By Alicia Powell (Senior Associate),
and Tyrelle Toorn (Candidate Attorney)
28 July 2025
By Alicia Powell (Senior Associate),
and Tyrelle Toorn (Candidate Attorney)
28 July 2025
INTRODUCTION
Within the framework of South African contract law, provisions that require parties to negotiate unresolved terms at a later stage, often referred to as “agreements to agree”, remain a point of contention. These clauses raise significant questions about enforceability, particularly when one party withdraws from good faith negotiations. Recent judicial developments, culminating in the Makate v Vodacom (Pty) Ltd judgment, have clarified the legal consequences of such arrangements.
This article provides an overview of the current legal position and explores whether a contractual obligation to negotiate in good faith can be upheld.

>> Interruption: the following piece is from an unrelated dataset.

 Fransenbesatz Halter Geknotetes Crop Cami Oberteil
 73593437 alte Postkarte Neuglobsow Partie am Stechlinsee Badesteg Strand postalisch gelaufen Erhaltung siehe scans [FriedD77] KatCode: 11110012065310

WHAT IS AN AGREEMENT TO AGREE?
An agreement to agree generally represents a preliminary commitment between parties to engage in future negotiations regarding specific contract terms. These provisions often appear in heads of agreement or memoranda of understanding, where full consensus cannot be reached at the outset.
Disputes commonly arise when one party refuses to engage in further dialogue, leaving the agreement incomplete. The critical legal question that arises is whether the duty to act in good faith during these negotiations becomes an enforceable obligation, especially where no mechanism exists to break a deadlock.

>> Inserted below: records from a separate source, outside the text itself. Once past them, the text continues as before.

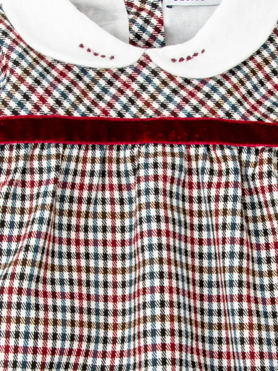 Fabriquée avec soin pour assurer une qualité supérieure, cette barboteuse est dotée de boutons à l’entrejambe pour un habillage et un déshabillage faciles. Sa coupe délicate et ses finitions impeccables en font une pièce essentielle dans la garde-robe de votre petite fille. Parfaite pour les saisons plus fraîches, elle ajoute une touche de sophistication avec ses carreaux rouges et son détail en velours, créant un look à la fois traditionnel et authentique.
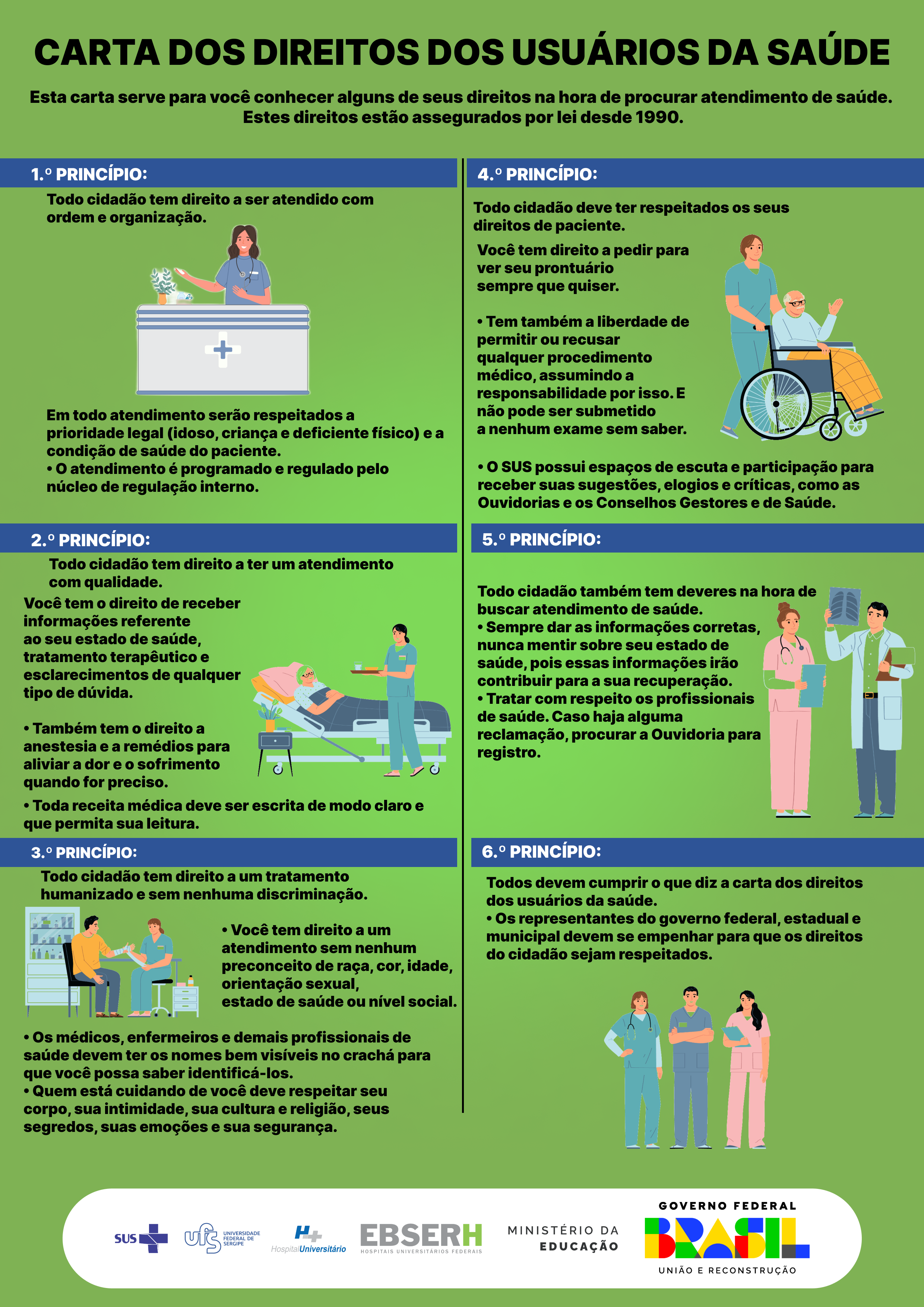 A Carta de direitos dos usuários do Sistema Único de Saúde (SUS) traz informações para que você conheça seus direitos na hora de procurar atendimento de saúde. Ela reúne os seis princípios básicos de cidadania que asseguram ao brasileiro o ingresso digno nos sistemas de saúde, seja ele público ou privado.
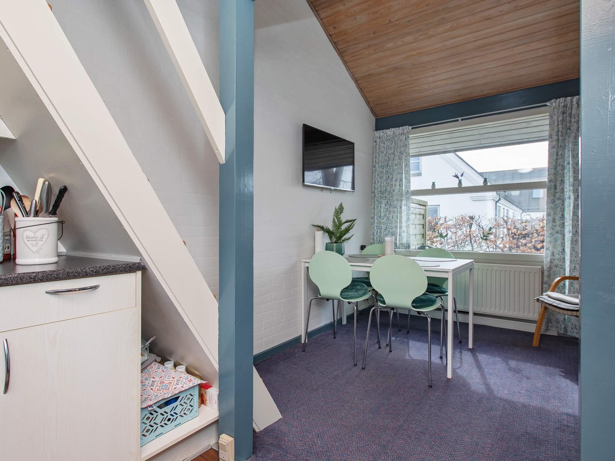 Ferielejlighed beliggende centralt på Marielyst i et ugenert kompleks med lejligheder og rækkehuse.
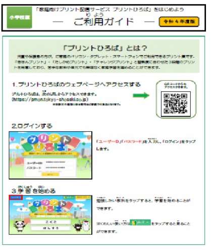 「プリントひろば」のはいしんさーびすについてお知らせします。ご家庭の学習にどうぞご活用ください。
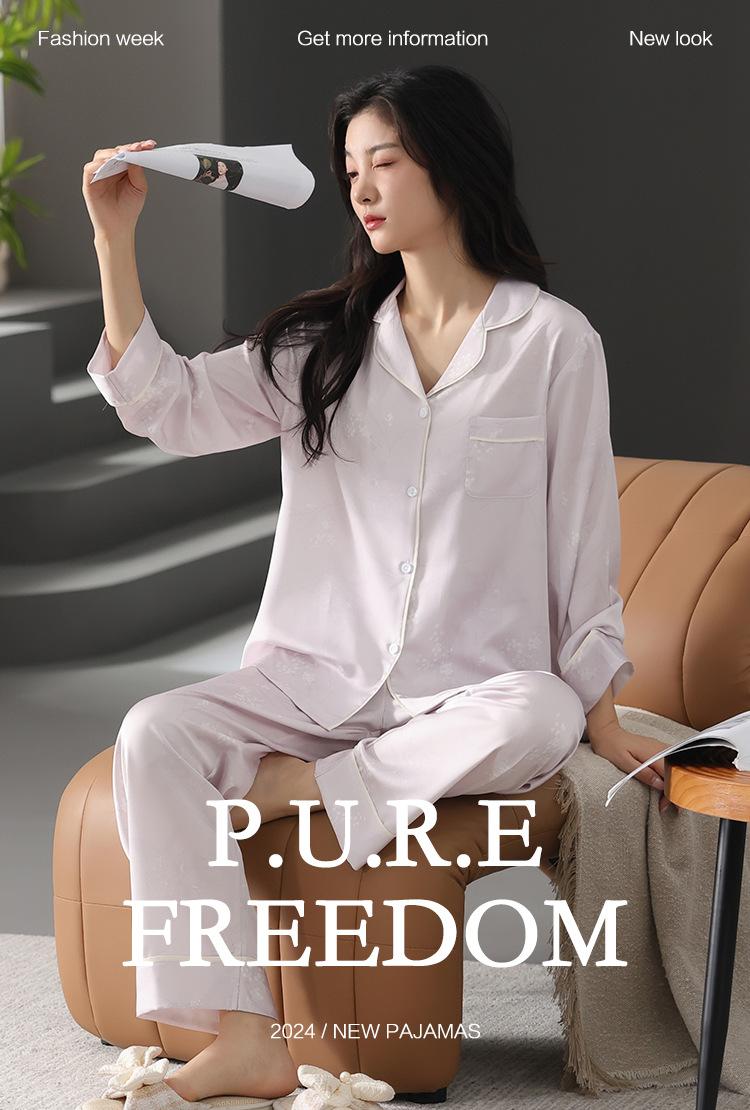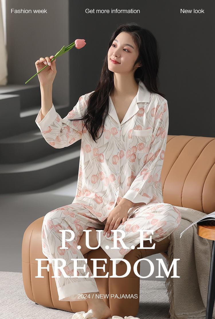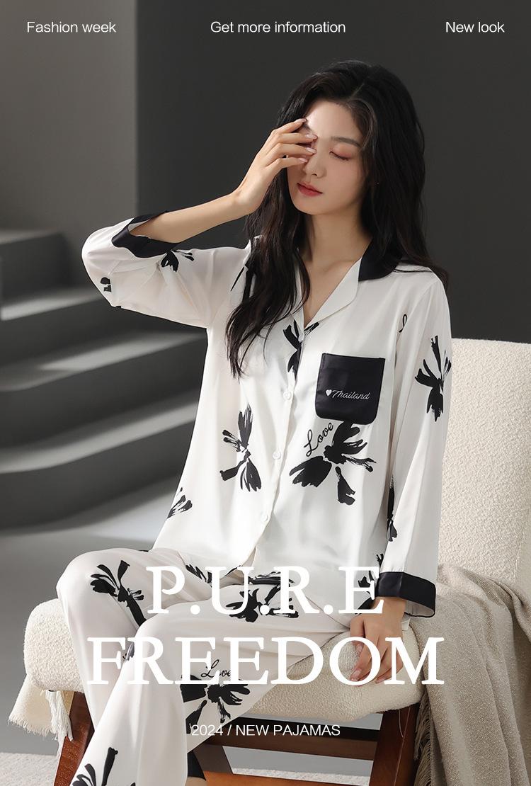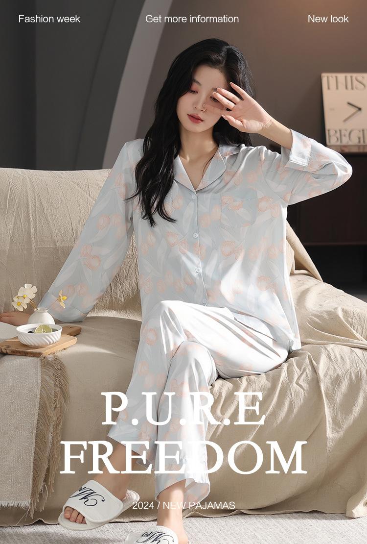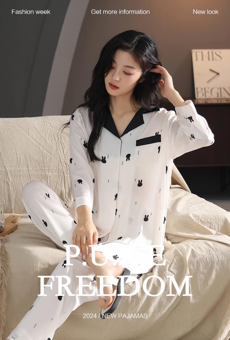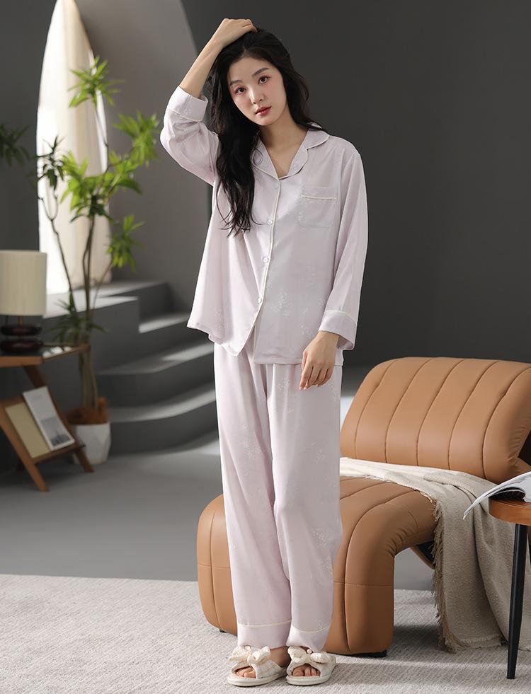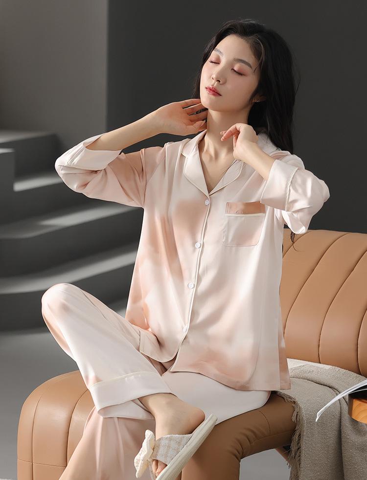 Pijamas de mujer primavera/verano seda hielo manga larga fina seda artificial ropa de hogar de alta calidad traje de moda coreana

JUDICIAL INTERPRETATION AND CASE LAW
Letaba Sawmills (Edms) Bpk v Majovi (Edms) Bpk [1992] ZASCA 195; 1993 (1) SA 768 (A): This judgment established a foundational principle that agreements to negotiate are not inherently unenforceable, provided there are safeguards such as arbitration or expert determination to resolve a failure to agree. The court’s endorsement of a structured negotiation process laid the groundwork for recognising enforceable good faith obligations under certain conditions.
Premier, Free State v Firechem Free State (Pty) Ltd [2000] (4) SA 413 (SCA): In contrast, the Firechem case reaffirmed that open-ended promises to negotiate without a fallback provision lack legal force. The court held that unconstrained discretion where parties may simply choose not to agree undermines contractual certainty and renders such clauses void for vagueness.
Everfresh Market Virginia (Pty) Ltd v Shoprite Checkers (Pty) Ltd [2011] ZACC 30: In this case the Constitutional Court was presented with an opportunity to introduce broader constitutional values such as fairness and Ubuntu into contract law. Although the application was ultimately dismissed, the judgment acknowledged the evolving nature of contract law and the potential relevance of good faith as a constitutional value. Justice Yacoob, in particular, emphasized the importance of developing the common law in alignment with constitutional principles.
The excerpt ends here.